Updated On: May 20, 2026
  • $(-\infty,1]\cup[2,\infty)$
  • $[0,1]$
  • $[-1,1]$
  • $[1,2]$
Show Solution

The Correct Option is D

Solution and Explanation

Understanding the Concept: The domain of a function is the set of all real values of $x$ for which the function is defined.
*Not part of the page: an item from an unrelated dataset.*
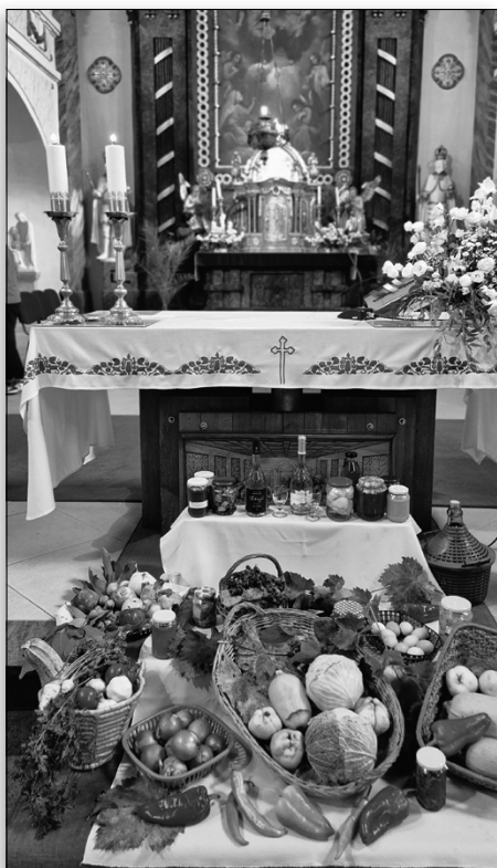
2025. október 6-án tartottuk a terménybetakarítási hálaadó ünnepséget, ahol köszönetet mondtunk az idei bő termésért. A szentmise során közösen imádkoztunk a földművesekért és a mezőgazdasági áldásért.

In the given function, \[ f(x)=\sin^{-1}(\sqrt{x-1}), \] two separate conditions must be satisfied:
The expression inside the square root must be non-negative.
The input of $\sin^{-1}(x)$ must lie between $-1$ and $1$ inclusive.
Therefore, we solve both conditions carefully.
Step 1: Applying the square root condition.
For the square root to exist, \[ x-1\ge0 \] Adding $1$ on both sides: \[ x\ge1 \] So the function is defined only when: \[ x\in[1,\infty) \]
Step 2: Applying the inverse sine condition.
For $\sin^{-1}(u)$ to exist, \[ -1\le u\le1 \] Here, \[ u=\sqrt{x-1} \] Therefore: \[ -1\le\sqrt{x-1}\le1 \] Since square roots are always non-negative, the lower inequality is automatically satisfied. So we only need: \[ \sqrt{x-1}\le1 \]
Step 3: Solving the inequality.
Squaring both sides: \[ x-1\le1 \] Adding $1$: \[ x\le2 \]
Step 4: Finding the common interval.
From Step 1: \[ x\ge1 \] From Step 3: \[ x\le2 \] Combining both: \[ 1\le x\le2 \] Hence, the domain is: \[ \boxed{[1,2]} \]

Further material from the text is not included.